(Stored data entries)
-=-=-

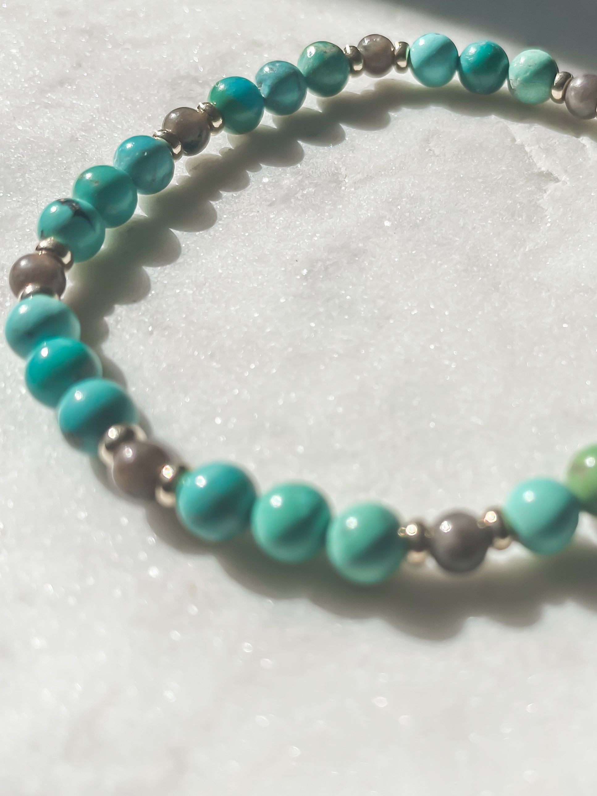 The Sea & Stone Bracelet is a meaningful balance of flow and foundation. Turquoise, a stone of communication, serenity, and protection, pairs effortlessly with chocolate labradorite, known for its ability to support transformation, calm, and inner clarity.
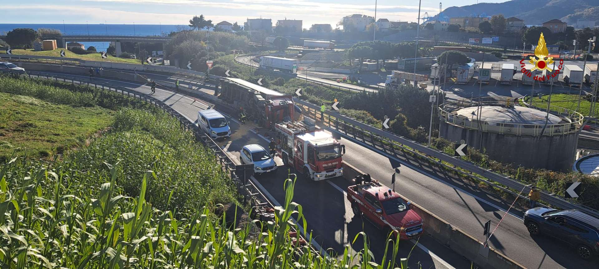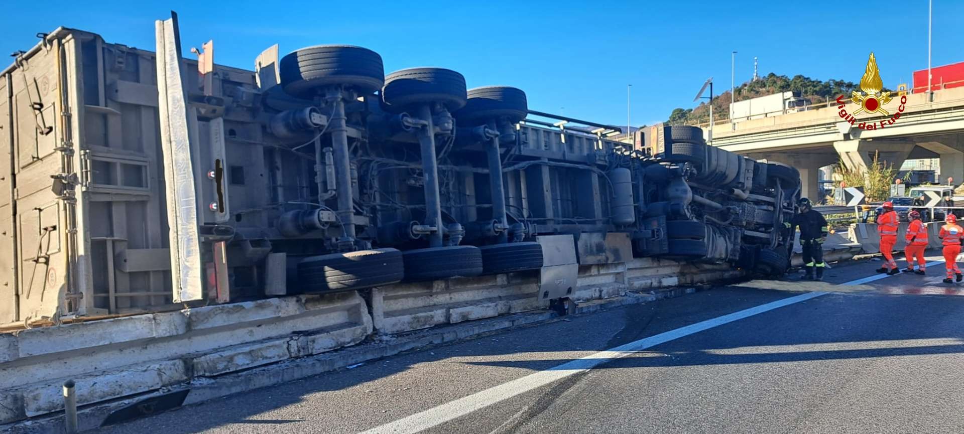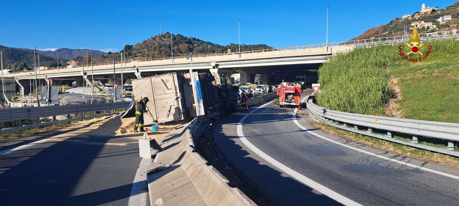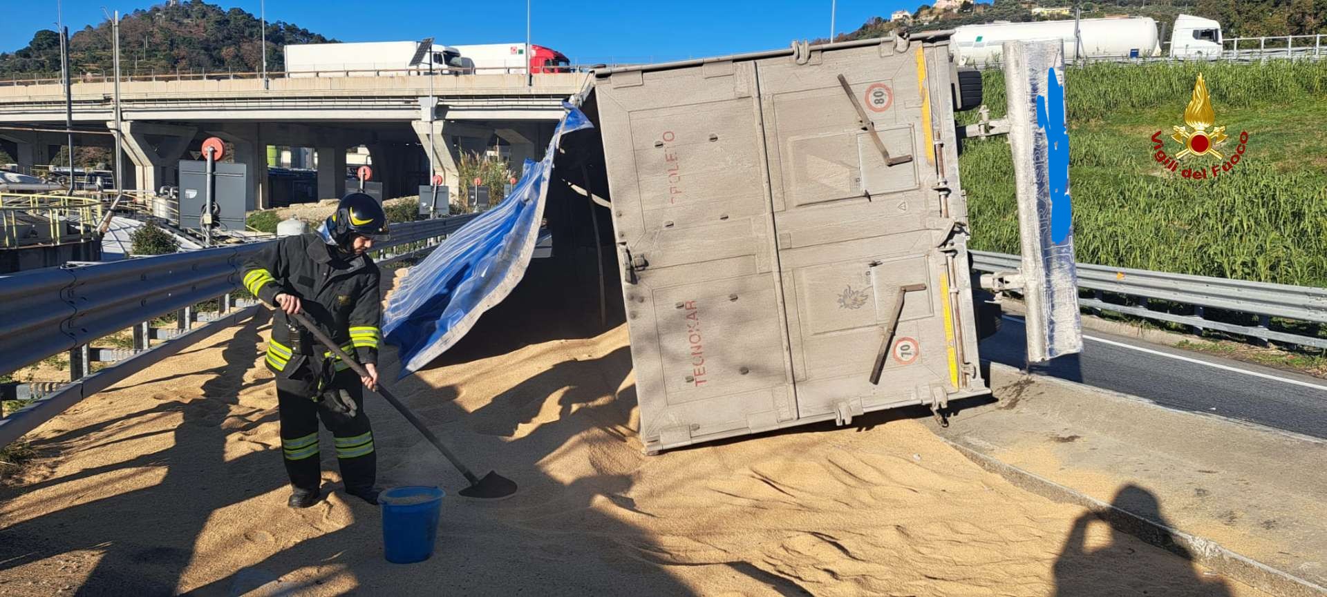 Disagi e code sull'Autostrada del Fiori A10 nel raccordo in direzione di Torino per un camion pieno di soia che si è ribaltato nell'effettuare una curva. Il carico è rovinato sull'asfalto provocato il blocco dello svincolo.
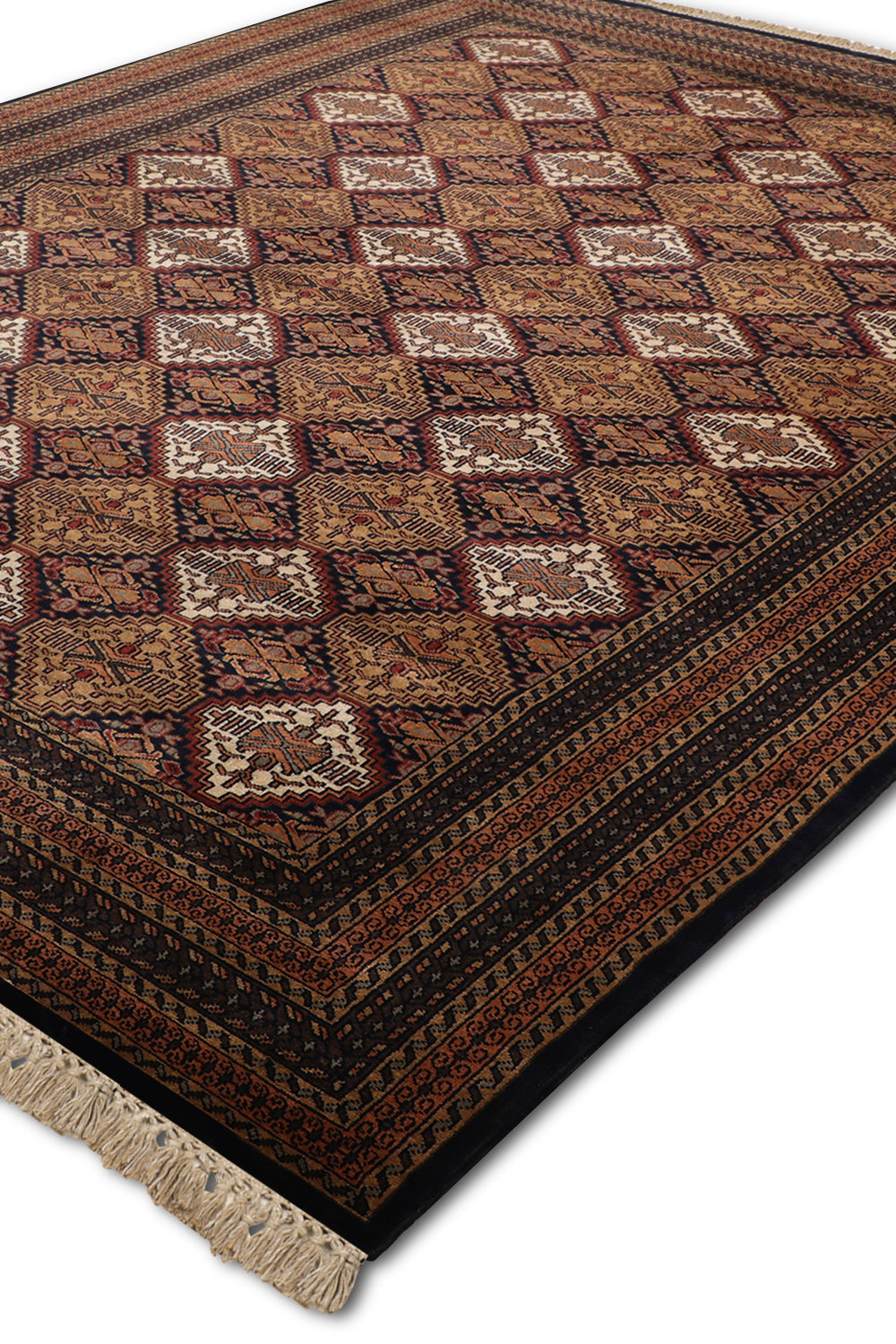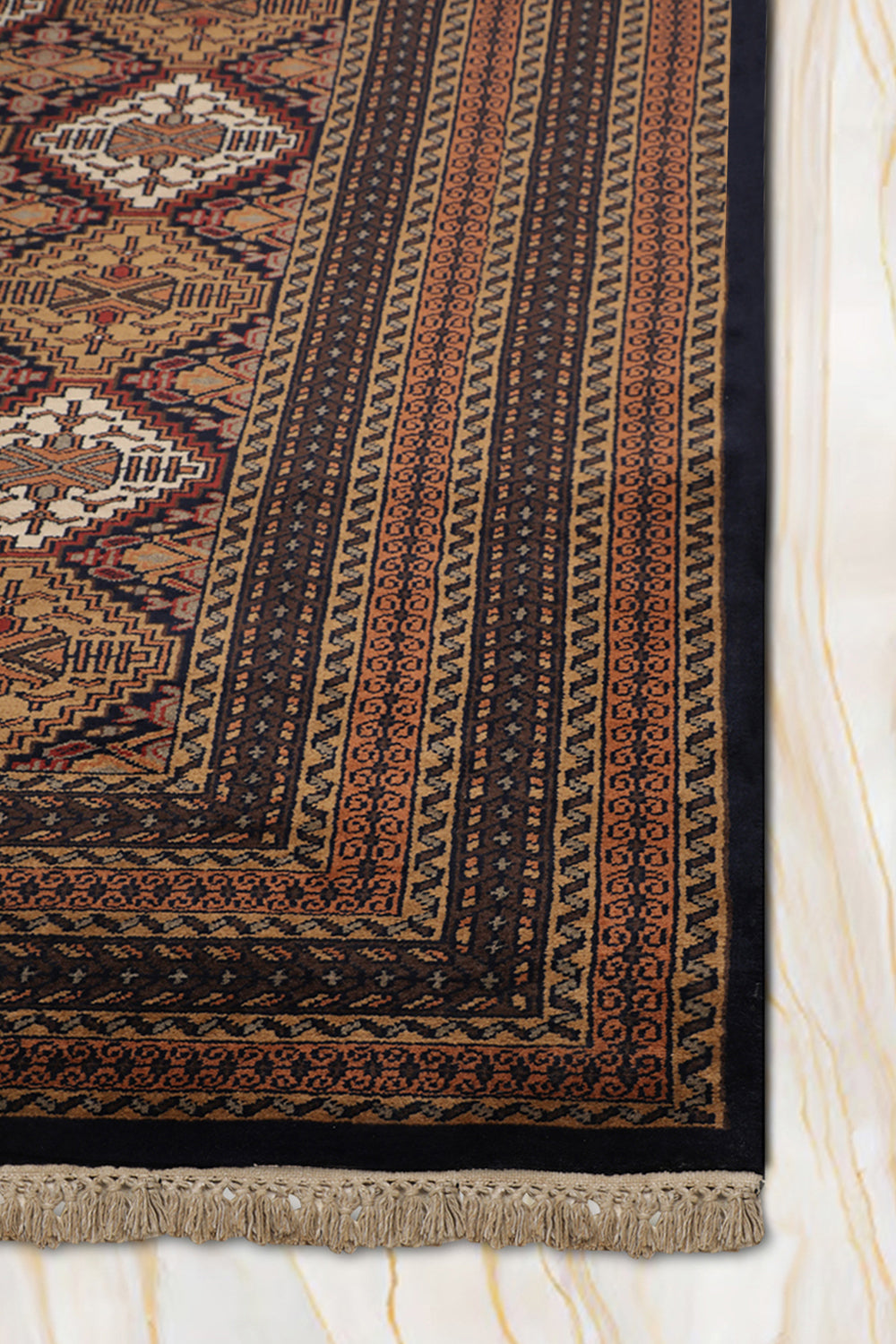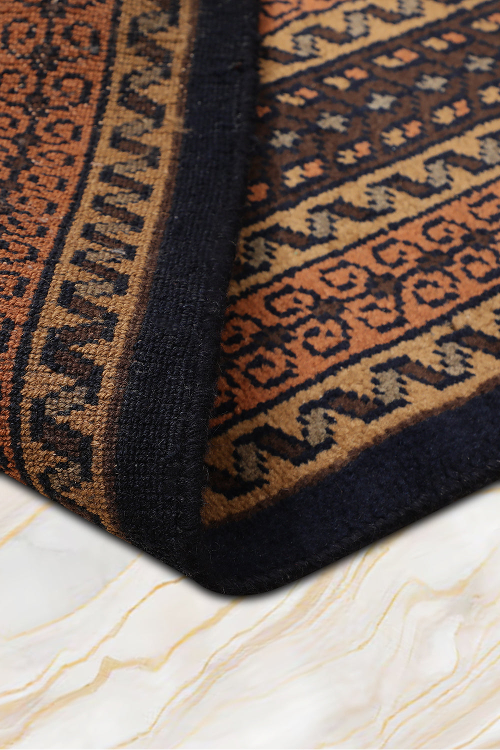 Add character to your space with the Tara rug, a beautifully hand-knotted piece from our Junoon Collection that captures the essence of tribal heritage. This 8 x 10 ft wool rug, featuring a medium pile with a mild soft texture, showcases a geometric diamond motif in deep indigo dusk, rich chestnut amber, and hints of warm taupe. Its design draws from Central Asian nomadic traditions, where diamond patterns symbolized protection and unity since ancient times, often woven into rugs by tribes to reflect their journeys and identity. These motifs, embodying cultural narratives of resilience and community, influenced textile arts across trade routes, blending tradition with rustic charm. The inviting texture makes it perfect for living rooms or dining rooms seeking a bold accent.
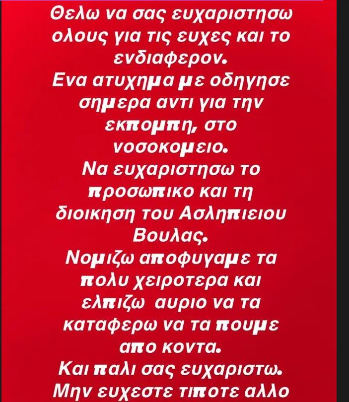 «Θέλω να σας ευχαριστήσω όλους για τις ευχές και το ενδιαφέρον. Ένα ατύχημα με οδήγησε σήμερα, αντί για την εκπομπή, στο νοσοκομείο. Να ευχαριστήσω το προσωπικό και τη διοίκηση του Ασκληπιείου Βούλας. Νομίζω αποφύγαμε τα πολύ χειρότερα και ελπίζω αύριο να τα καταφέρω να τα πούμε από κοντά. Και πάλι σας ευχαριστώ».
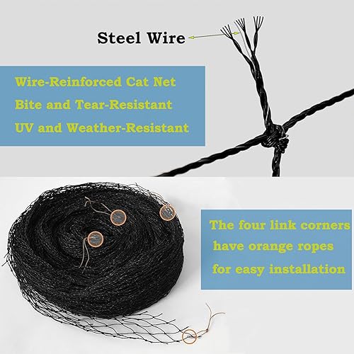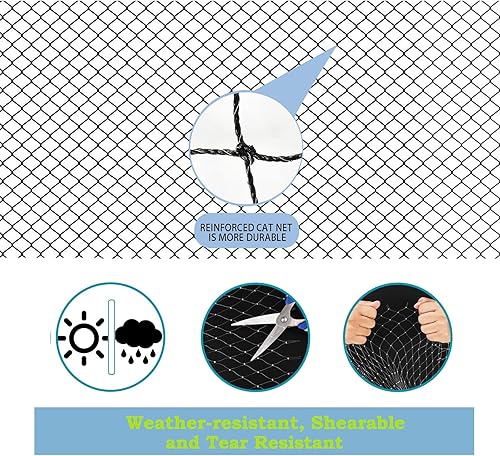 Wire-reinforced Cat Net - Made of high-quality polymer HDPE with steel wire reinforcement, this net is resistant to cat bites, wear, and tear. It is weather-resistant, sun-resistant, Sturdy, and Durable, ensuring long-lasting use.
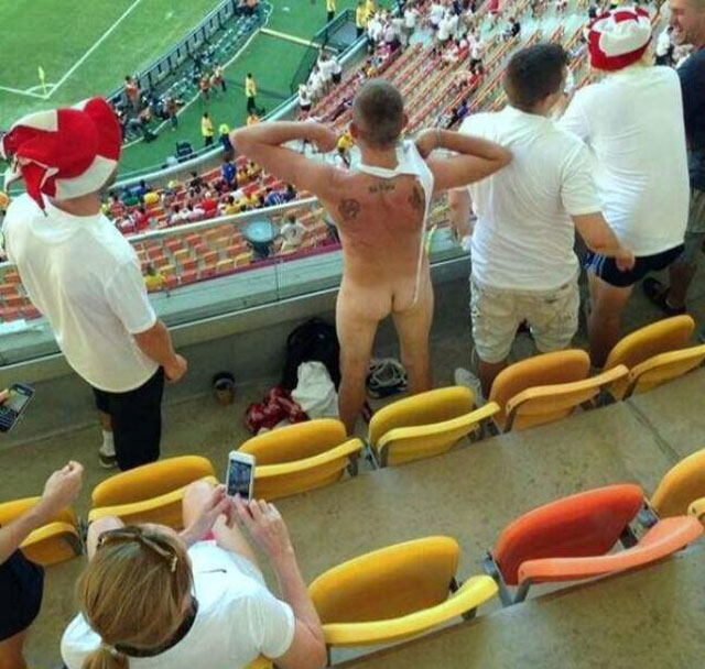 Η Ιταλία νίκησε την Αγγλία, και ένας οπαδός Άγγλος, πιθανότατα μεθυσμένος, όταν είδε την ομάδα του να χάνει «βγήκε» κυριολεκτικά απ’ τα ρούχα του στην εξέδρα.
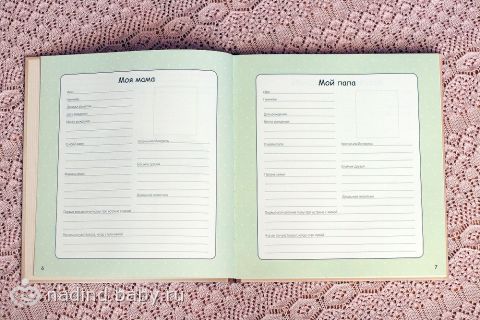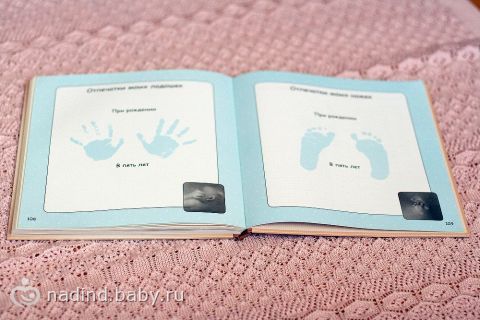 В ней много места для ваших фото, для записей достижений, для пожеланий. Есть чудесные конвертики, для того, чтобы сохранить волосики малыша и важные мелочи, будь то бирочка из роддома или фото с УЗИ. Эта книжка займет достойное место в каждом доме и будет чудесным подарком для молодых родителей, а впоследствии и самого малыша!
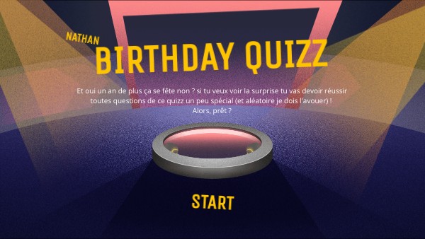 Et oui un an de plus ça se fête non ? si tu veux voir la surprise tu vas devoir réussir toutes questions de ce quizz un peu spécial (et aléatoire je dois l'avouer) ! Alors, prêt ?
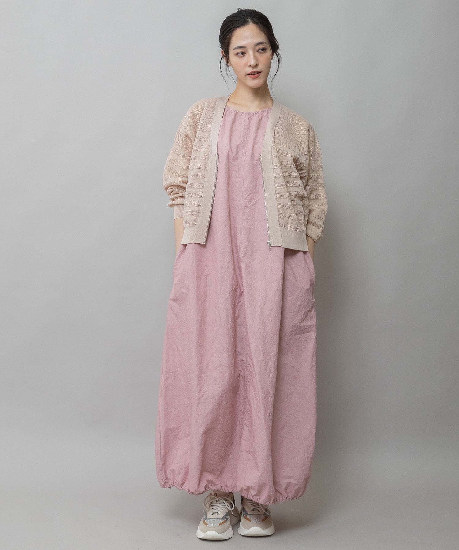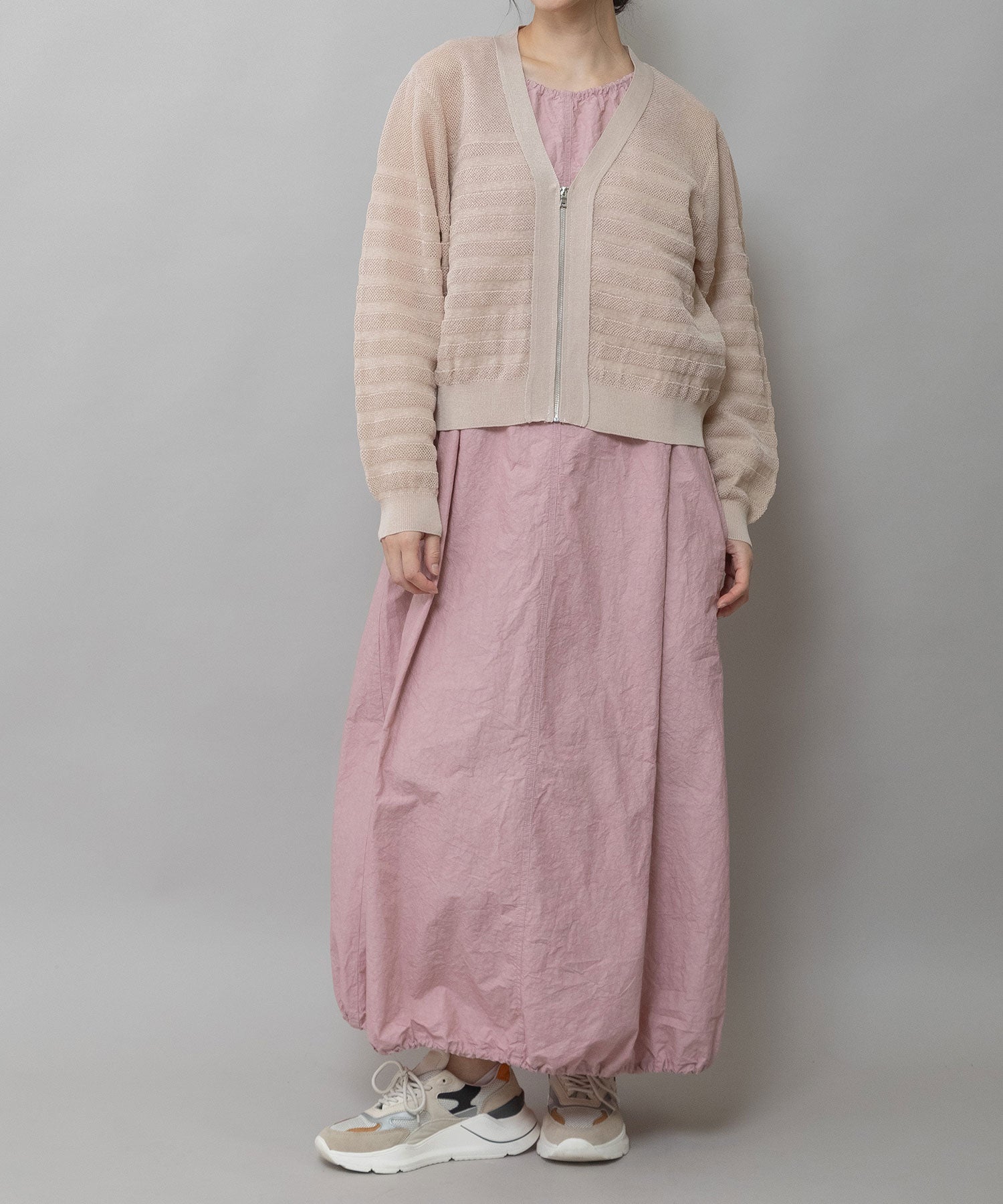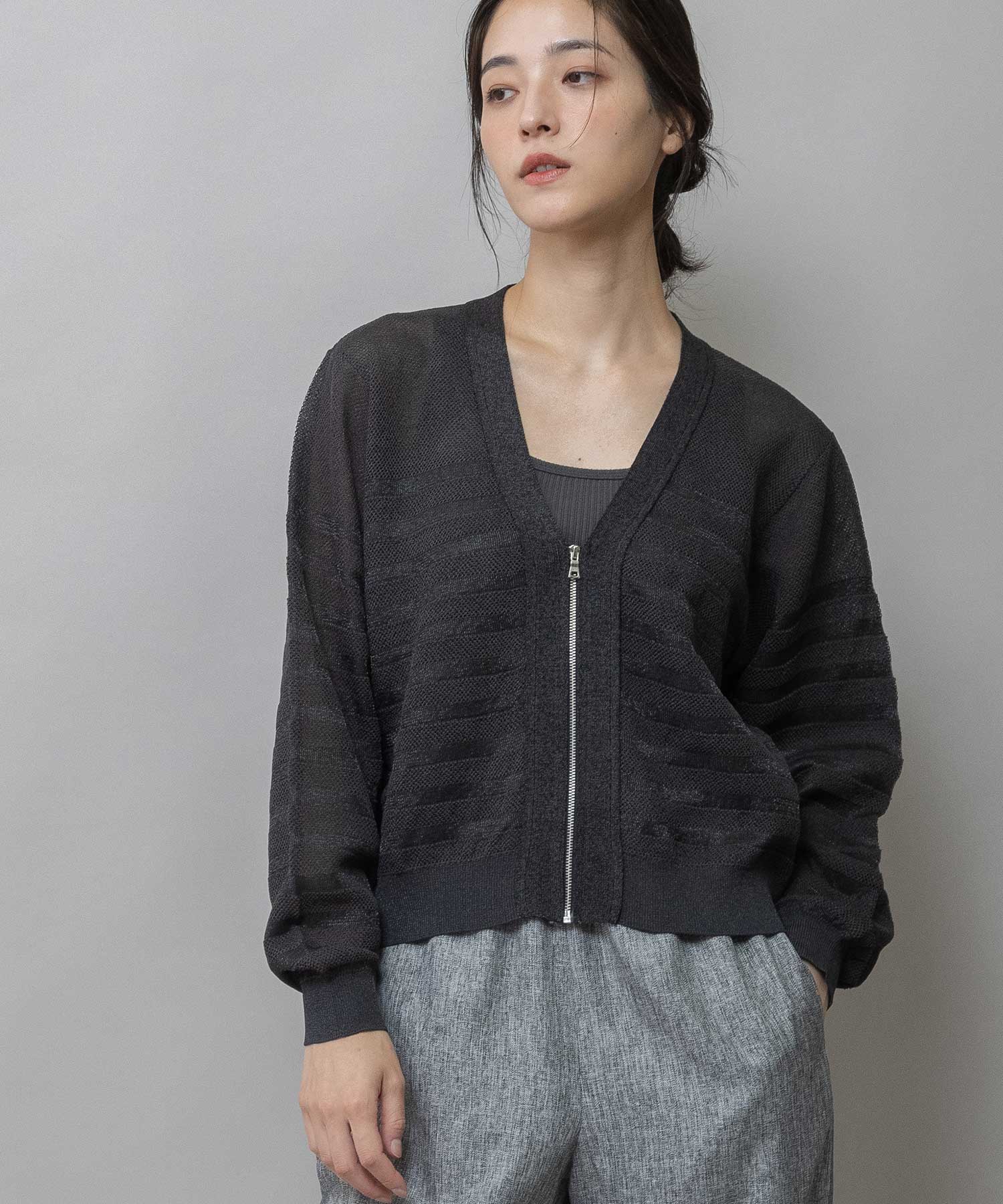 フロントのジップあき&衿からつながる編立のニットテープですっきりした印象をプラスしています。

-=-=-

# [PROBLEM DETAILS]
Nothing but the lines from the one containing "Η Ιταλία νίκησε" through the final line of the records, both included and copied exactly, should appear in the answer; pictures stay out.

# [THE ANSWER]
 Η Ιταλία νίκησε την Αγγλία, και ένας οπαδός Άγγλος, πιθανότατα μεθυσμένος, όταν είδε την ομάδα του να χάνει «βγήκε» κυριολεκτικά απ’ τα ρούχα του στην εξέδρα.
 В ней много места для ваших фото, для записей достижений, для пожеланий. Есть чудесные конвертики, для того, чтобы сохранить волосики малыша и важные мелочи, будь то бирочка из роддома или фото с УЗИ. Эта книжка займет достойное место в каждом доме и будет чудесным подарком для молодых родителей, а впоследствии и самого малыша!
 Et oui un an de plus ça se fête non ? si tu veux voir la surprise tu vas devoir réussir toutes questions de ce quizz un peu spécial (et aléatoire je dois l'avouer) ! Alors, prêt ?
 フロントのジップあき&衿からつながる編立のニットテープですっきりした印象をプラスしています。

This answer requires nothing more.